Tuesday, January 26, 2010

The Art of Deception

    I was reading this National Geographic magazine, about Yellowstone and its “Super Volcano”. Ok smartasses, you got me. I don’t normally read these kinds of things. So I’m sure me just saying I read this, has you all rolling on the floor.


    This is sort of long, but I promise I will get to the point.




    So I was looking thru the magazine after I read the article, and I came across one that was on animals that mimic their surroundings. It said sometimes survival means lying, stealing, or sometimes vanishing in place. Really? That seems a little harsh.

    This brought up old memories of a women/son/family, I dislike tremendously (It has taken me 2 years to say that I dislike them and not HATE) thanks to the counseling sessions with my freakin mother!!!

    I will call them the katydid family, since the katydid is good at disguising themselves, and that is this family for real.

    I truly believe now in the saying “Out of site, out of mind”! Just so you know I am not a mean person, but I have to tell you that my niceness has been pushed to its limits in dealing with this family.

    I will give you a little bit of back ground, but not the whole long sordid history behind why I feel this way.

    Deceptive is a nice word for what this woman really was/is. Thoughts that come to mind are liar, back stabber, opportunist, and brown noser are just to name a few.
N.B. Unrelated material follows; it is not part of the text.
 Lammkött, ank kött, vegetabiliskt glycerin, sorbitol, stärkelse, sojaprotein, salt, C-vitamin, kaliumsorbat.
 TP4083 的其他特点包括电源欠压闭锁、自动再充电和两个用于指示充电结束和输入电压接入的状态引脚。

    I have known this family/woman since our kids were in grade school together. For many reasons I have decided I do not want any part of her or her family.

    Rather unfortunately, our sons have gone to school together since kindergarten and played on the same competitive soccer team together for 6 years. So not only did I have to see her at every flippin school function , but then 2 times a week at soccer practice and every weekend at games or God help me, an out of town tournament. We also got invited to all the same “adult” parties. Where I did try and pretend to be nice for everyone else’s benefit.
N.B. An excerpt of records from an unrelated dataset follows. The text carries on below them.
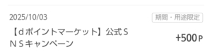 X(旧Twitter)懸賞でdマーケット様よりdポイント500ポイントが当選しました。大切に使わせていただきます。
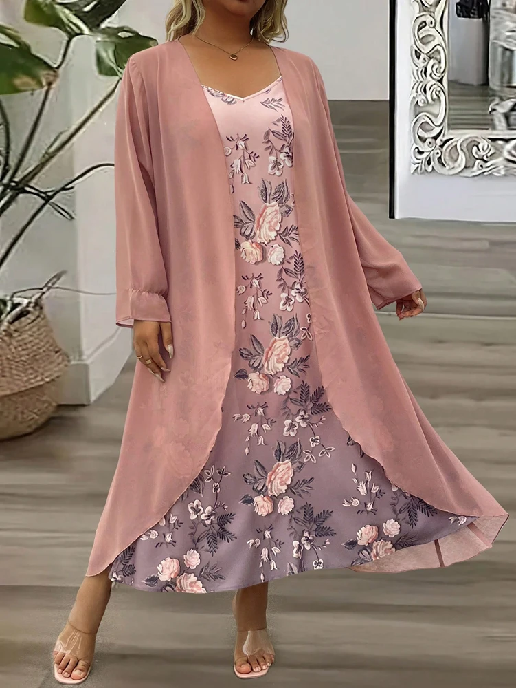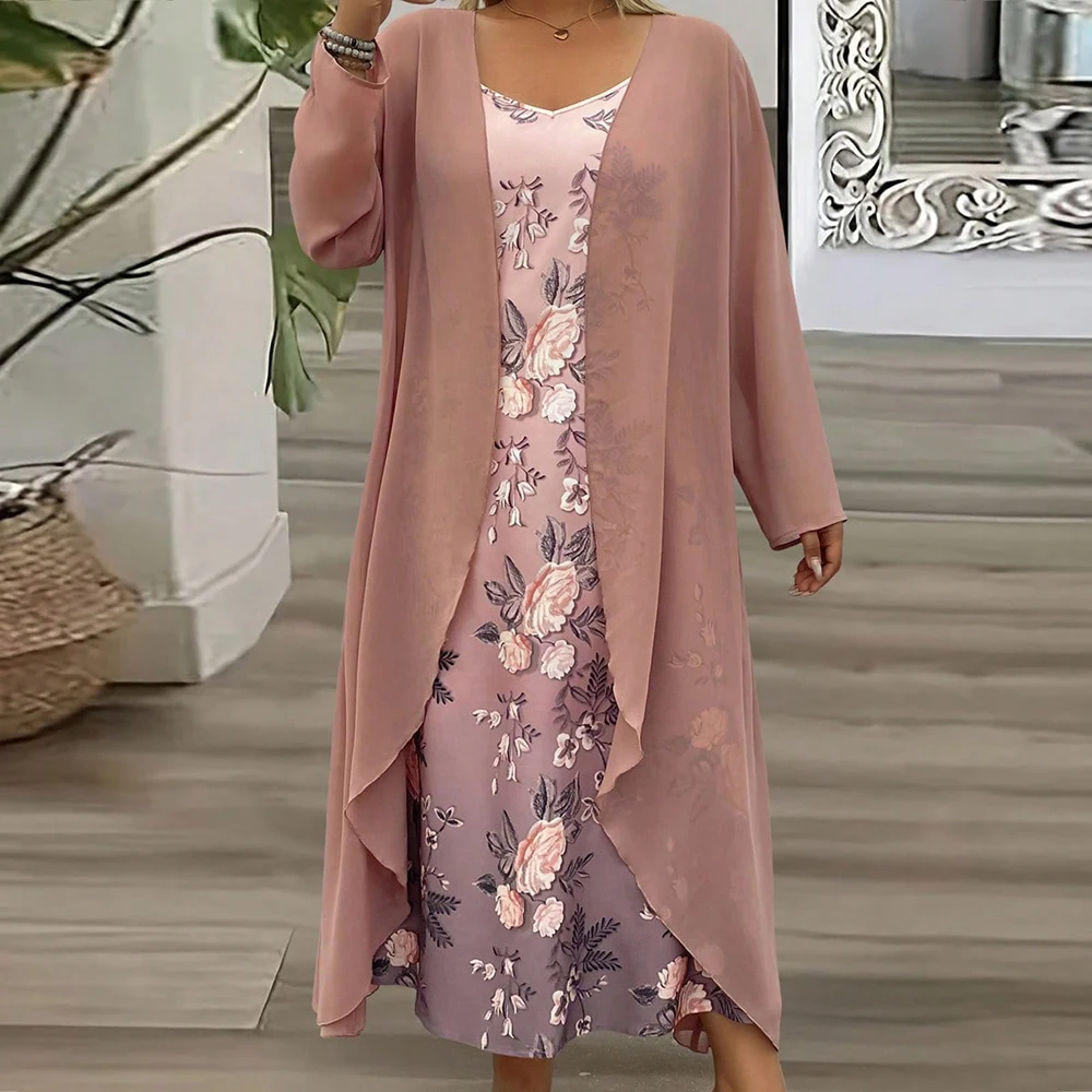 بالإضافة إلى حجم ربيع الخريف فستان شيفون دانتيل أنيق مكون من قطعتين مجموعة ملابس عصرية وأنيقة للنساء
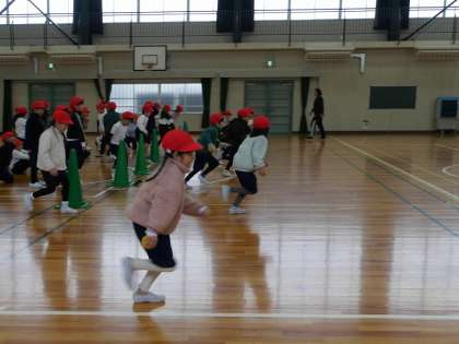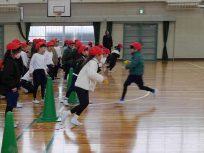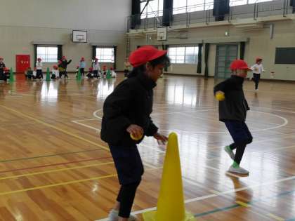 ボールをバトン代わりに、カラーコーンまでを折り返すリレーをしていました。

    I know, if you don’t have anything nice to say then don’t say anything at all. I actually got to that point.


    Every time we were around them I swear my blood pressure would go up. Which ment that anytime we were around them it put me in a totally bitchy mood. You know how it is, once your pissed it’s hard to just pretend to have a good time.
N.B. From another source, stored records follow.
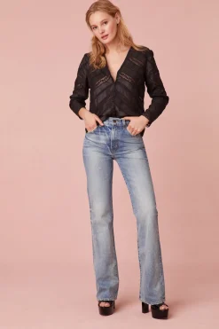 Introducing the Tandra Top. This pretty, Victorian-inspired piece is designed with a luxe, viscose habotai fabric with beautiful, vintage-inspired laces and textural shirring details all over. A new iteration on our best-selling Jacques Top, the Tandra features a v-neckline and diagonal laces for added texture detailing. Effortlessly sexy, the top pairs well with your favorite mini or vintage jeans.</div
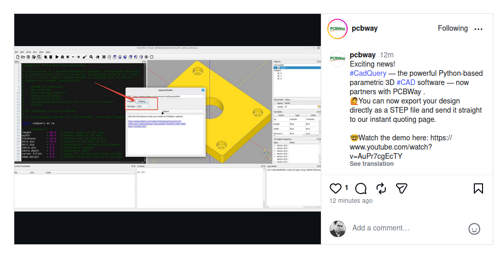 Dass fernöstliche Platinenhersteller ihren Kunden auch als Lohndrehrei, Lohnmodelltischlerei und Co zur Verfügung stehen, ist nicht wirklich neu. Interessant ist, dass man im Hause PCBWay nun -wie in der Abbildung gezeigt - den direkten Export von in CadQuery erzeugten Modellen in das hauseigene 3D-Druck-System erlaubt.
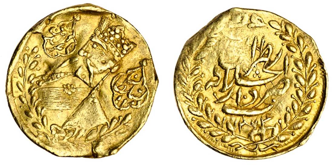 QajarDynasty, Nasir al-din Shah (1848-96), AV portrait Half-Toman, 1.67g, Dar al-Khilafat Tehran, AH1274, crowned bust of Shah left (KM.860), small area of damage, very fine with clear portrait, rare
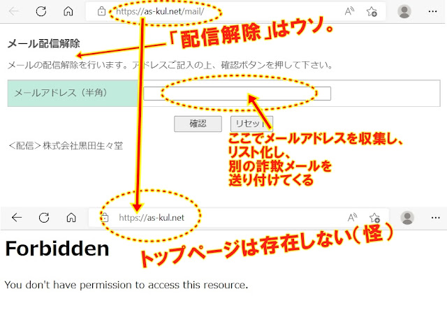 この「配信停止」の箇所の目的は、「配信解除」を装って、個人情報(メールアドレス)を書き込ませるフォームです。この「配信解除を装ったフォーム」で収集したメールアドレスがリストとして売買され、また新たに別の詐欺メールを送り続けます。
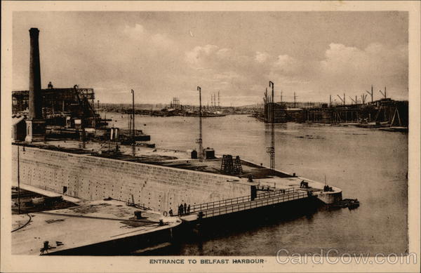 Front: ENTRANCE TO BELFAST HARBOUR KY Back: TRADE Eignas POST SERIES E-& S:td. D.&.8 MARK AFFIX GERMANY
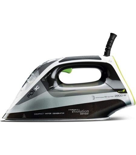 EFFICACE : Repasser à la vapeur sans endommager vos vêtements avec la technologie brevetée de Solac. Vos vêtements bien repassés et sûrs.INTELLIGENT : Système intelligent pour repasser tous vos vêtements sans complications; programmes ou températures; position éco qui s'adapte à tous types de tissus et position turbo pour les tissus les plus compliqués.PUISSANT : Jet de vapeur concentré 190 g / min et vapeur constante même à basse température de 60 g / min; convient au repassage vertical.AUTOMATIQUE : Vapeur automatique tactile; pas besoin d'appuyer sur les boutons; si l'option vapeur est activée; cela sortira automatiquement juste en ramassant l'assiette.SEMELLE ANODISÉE : Avec semelle anodisée Illyum plus résistante et avec un glissement optimal; Système de sécurité Auto-Off qui éteint automatiquement le fer s'il n'est pas utilisé; avertissements acoustiques et visuels; et système anti-calcaire intégré et permanent. ...

    So all this started with a simple fight at school between my son and someone else’s son, who was a bully and had serious issues. The fight was at school (grade school), and the katydid kid was there to witness it. He however did nothing to break it up, but stood by and watched.

    When I called the katydid’s mom (cause I thought we were freakin friends) to find out what happened at school, she explained to me that her son was friends with both kids and didn’t want to choose sides. WTF!!!!! Are you freakin kidding me! I don’t care, who is friends with whom, you don’t stand by and watch a fight and do nothing. Is it obvious that my kid was the one getting beat up.

    I should have known that was the beginning of a hate/hate relationship.

    The things I’m going to mention now have nothing to do with anything other than they just piss me off. The katydid’s mom is a stay at home mom; she makes it a point to let everyone know how many hours she has volunteered at the school. She claims to be a very religious person. There is nothing wrong with any of these things. Except someone who claims to be such a religious person doesn’t need to publicize it and if you were such a good person why do you need to toot your own horn about all that you do, unless you are just doing it to impress???? Not very Christian like of her.

    I have to say the apple doesn’t fall far from the tree, cause the katydid kid is just like his mother. He is a huge brown noser, over achiever (for show), and a bully. That’s right, when he doesn’t think any adults are looking he is a complete jackass.

    None of this should mean anything to me. It shouldn’t affect my life in the slightest. It is my own fault that I have allowed it to eat at me. The problem is that most people don’t know the real “katydid” all they know is the act they put on. So it makes me look like a bitch, cause I don’t like them.

    So my dislike hate for this family has grown over the years, to where now everything is a freakin competition between our boys. If my son got A honor roll then her son had to go the extra mile and get principles’ honor roll. If my son got 3 goals in a game, next time her son worked to get more. It went on and on. We finally quit the soccer team, that wasn’t the only reason, but was a huge part of it. In order to get away from them.


    Their family even worked out at the same gym as my family (BTW, we were there first!)


    So finally the boys were in 8th grade at the jr high, and we were counting down the days till high school, cause once they hit H.S. they would be going to different schools, after being together for 8years.

    So finally I am some what at peace, (thru the help of God and support of my mother) I don’t have to see them but occasionally thru high school games against their school. In the end it was best for my sanity and my son’s confidence.

    It’s sad when you have to teach your kid at such a young age that life is not fair, not everyone plays by the rules or is honest. I am hoping that it has made my son a stronger person and not disillusioned him with the world.